7 things you might not know all SQ girls can do

PHOTO: The Straits Times

Being an SQ girl is not just about serving passengers a fish or chicken meal with a smile.

They have to wear many hats on-board and be equipped with different skills in order to carry out their job duties efficiently.

Although you mostly see them greeting passengers during boarding and landing, and serving food and drinks during meal service, their work does not stop there.

They have to be prepared to handle any situation in a calm and professional manner while ensuring every passenger’s comfort and safety on the flight.

Here are seven things you might not know all SQ girls can do.

1. THEY KNOW THE DIFFERENCE BETWEEN A CHARDONNAY AND A RIESLING

All cabin crew have to go through a basic wine knowledge course during training so that they can learn about the wine served on-board.

Crew need to know how to read wine labels to know what wine is available on the flight and be able to describe and recommend the different types of wine to passengers accordingly.
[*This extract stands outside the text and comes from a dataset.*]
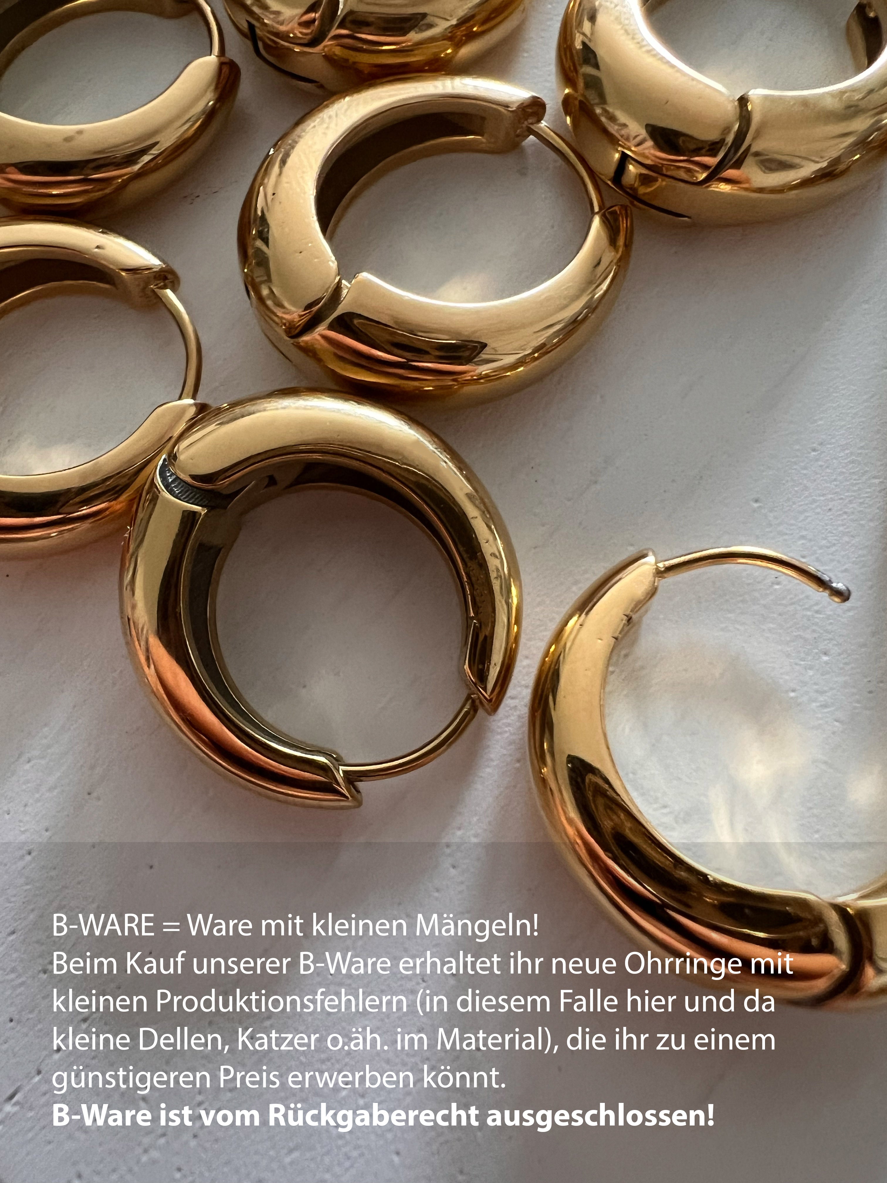 Beim Kauf unserer B-Ware erhaltet ihr neue Ohrringe mit kleinen Produktionsfehlern (in diesem Falle hier und da kleine Dellen, Katzer o.äh. im Material), die ihr zu einem günstigeren Preis erwerben könnt. B-Ware ist vom Umtausch ausgeschlossen. Eine Rückgabe ist nicht möglich.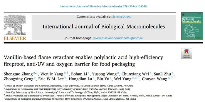张圣涛在科研道路上敢于挑战自我,收获颇丰。截至目前,他发表SCI论文4篇,以第一和共同第一作者发表SCI论文2篇。其中以生物质阻燃剂为研究方向的论文《Vanillin-based flame retardant enables polylactic acid high-efficiency fireproof, anti-UV and oxygen barrier for food packaging》发表在国际期刊《International Journal of Biological Macromolecules(IF=7.7)上,该研究以生物基原料香草醛采用简单的一步法合成一种生物基添加剂,用来在增强聚乳酸的整体性能,拓展了聚乳酸在多个领域的应用。

They must also be familiar with food and wine pairings if passengers ask for wine recommendations to go along with their meal.

2. THEY CAN OPERATE ON MORE THAN ONE TYPE OF AIRCRAFT

You might think that all planes look and work the same but there are actually different types of aircraft in an airline company’s aircraft fleet that service different routes.

Cabin crew have to go through training for a specific aircraft type before they can be qualified to work on that aircraft.

They learn things such as aircraft features, passenger seat features and cabin and galley configurations.

They also have to go for regular refresher courses and pass the course to ensure that their aircraft knowledge is up-to-date in order to continue operating on each aircraft type.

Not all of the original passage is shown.